PROMPT:
Go to the line with "The grip of" in the material below and copy from there through the line with "This waterproof sticker", exactly. Pictures are not copied.

AVAILABLE DATA:
Segment Open

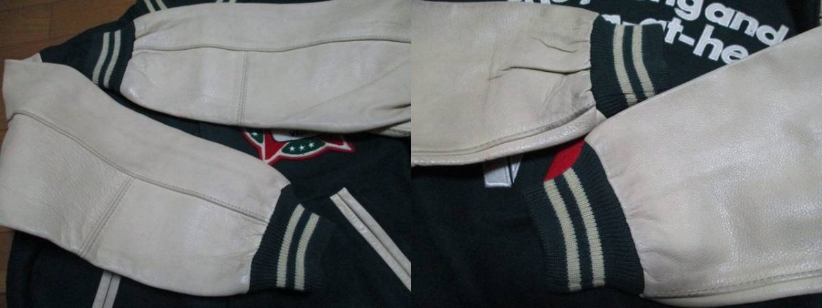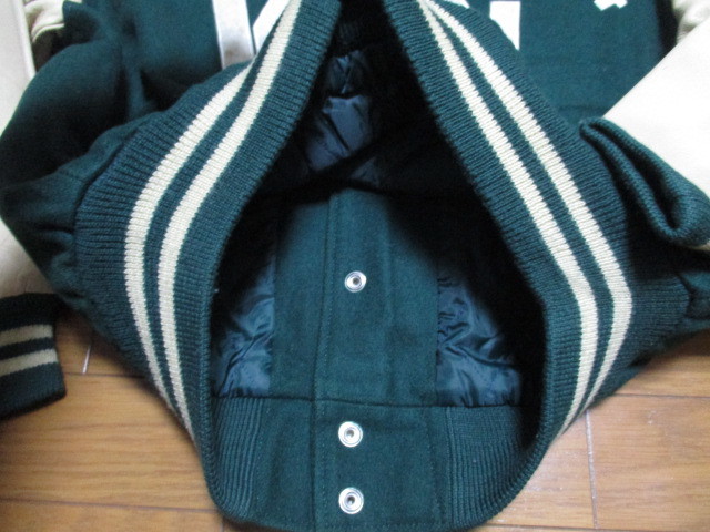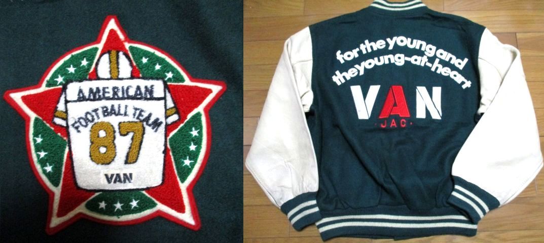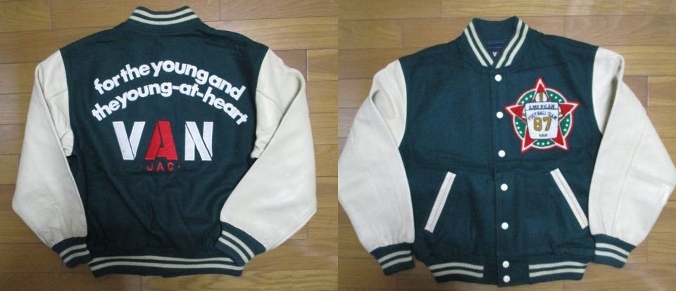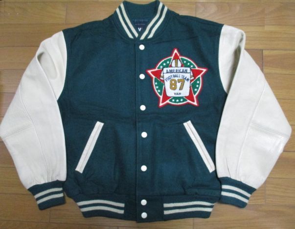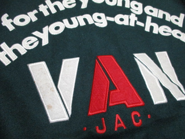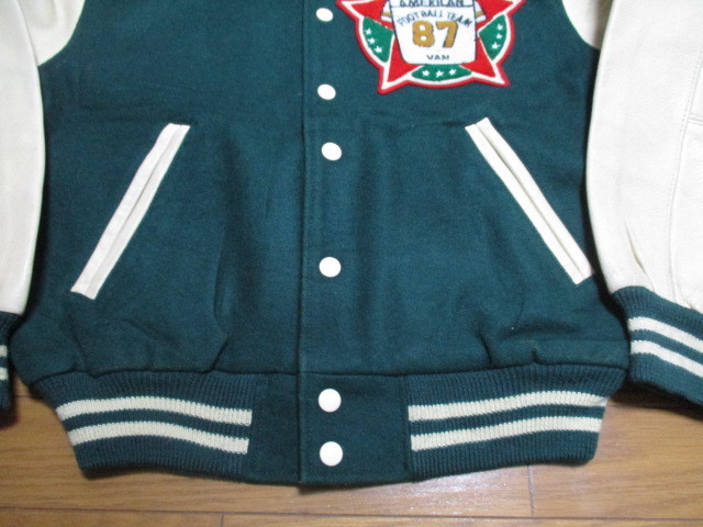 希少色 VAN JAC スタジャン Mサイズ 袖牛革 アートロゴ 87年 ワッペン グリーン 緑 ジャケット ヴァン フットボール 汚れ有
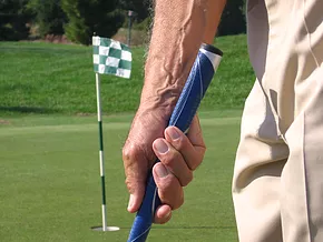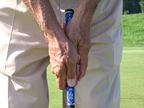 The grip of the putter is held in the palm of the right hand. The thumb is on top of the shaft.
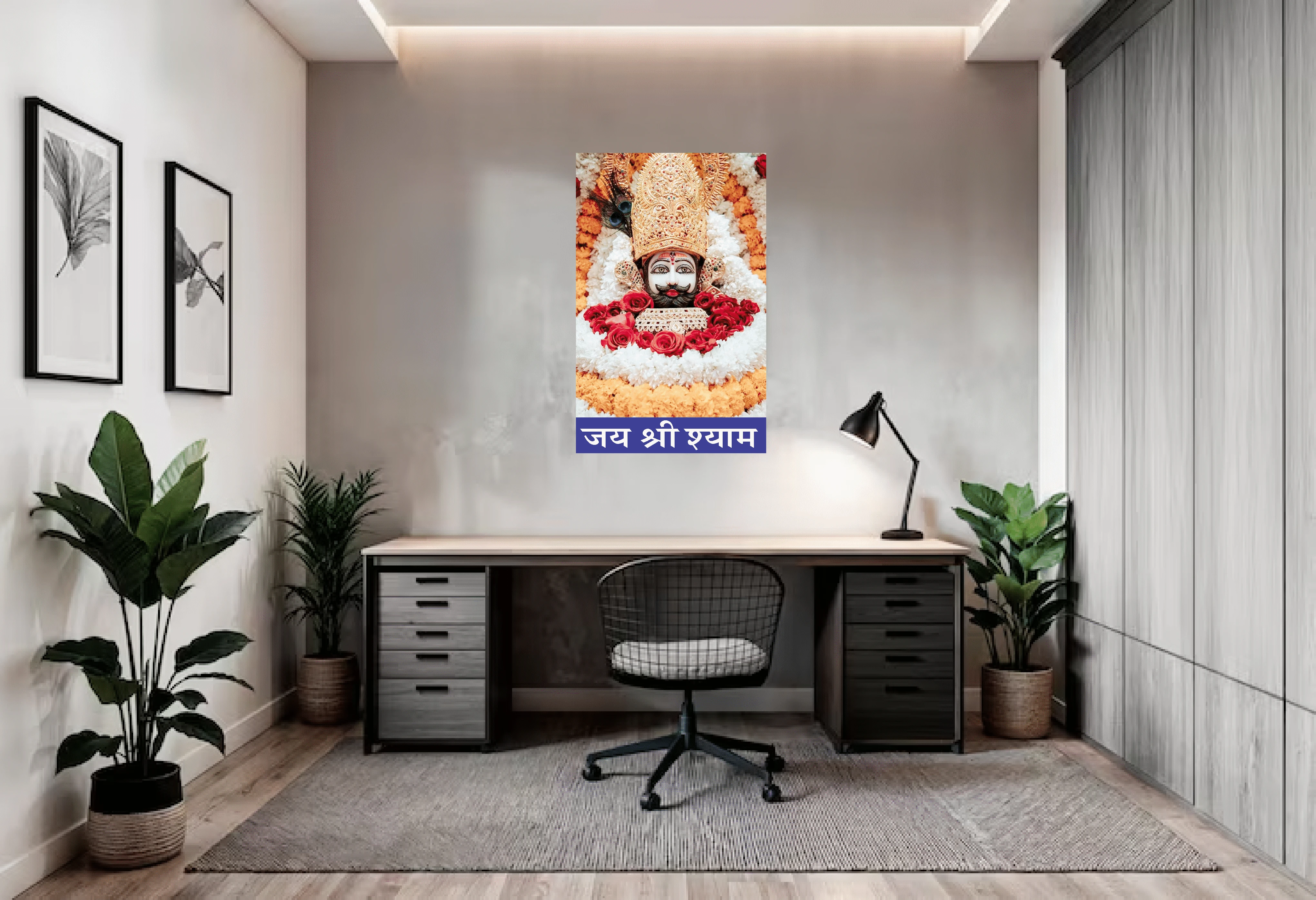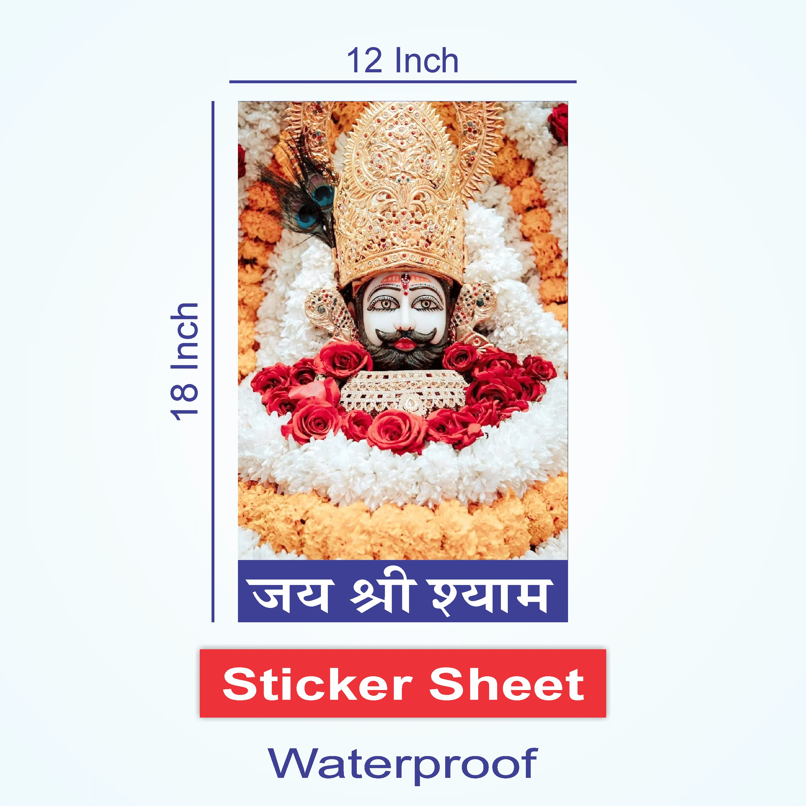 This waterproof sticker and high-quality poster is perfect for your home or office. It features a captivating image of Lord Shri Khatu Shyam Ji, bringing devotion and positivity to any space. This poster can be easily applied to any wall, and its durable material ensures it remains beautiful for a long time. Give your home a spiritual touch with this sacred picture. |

Segment Closed
Segment Open

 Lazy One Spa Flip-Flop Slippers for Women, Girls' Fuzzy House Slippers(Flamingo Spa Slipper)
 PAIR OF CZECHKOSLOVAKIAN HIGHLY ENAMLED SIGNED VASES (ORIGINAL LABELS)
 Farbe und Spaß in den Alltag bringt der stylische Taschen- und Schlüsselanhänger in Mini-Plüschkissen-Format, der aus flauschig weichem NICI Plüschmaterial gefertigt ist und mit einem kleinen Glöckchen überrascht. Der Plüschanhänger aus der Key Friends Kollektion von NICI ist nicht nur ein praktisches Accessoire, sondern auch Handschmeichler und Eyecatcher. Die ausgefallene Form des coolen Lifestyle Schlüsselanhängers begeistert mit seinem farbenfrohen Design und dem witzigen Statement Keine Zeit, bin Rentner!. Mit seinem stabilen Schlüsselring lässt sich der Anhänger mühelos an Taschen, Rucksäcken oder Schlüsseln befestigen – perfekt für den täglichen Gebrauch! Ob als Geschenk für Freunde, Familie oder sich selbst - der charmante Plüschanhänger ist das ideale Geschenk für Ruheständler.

Segment Closed

EXERCISE RESPONSE:
 The grip of the putter is held in the palm of the right hand. The thumb is on top of the shaft.
 This waterproof sticker and high-quality poster is perfect for your home or office. It features a captivating image of Lord Shri Khatu Shyam Ji, bringing devotion and positivity to any space. This poster can be easily applied to any wall, and its durable material ensures it remains beautiful for a long time. Give your home a spiritual touch with this sacred picture. |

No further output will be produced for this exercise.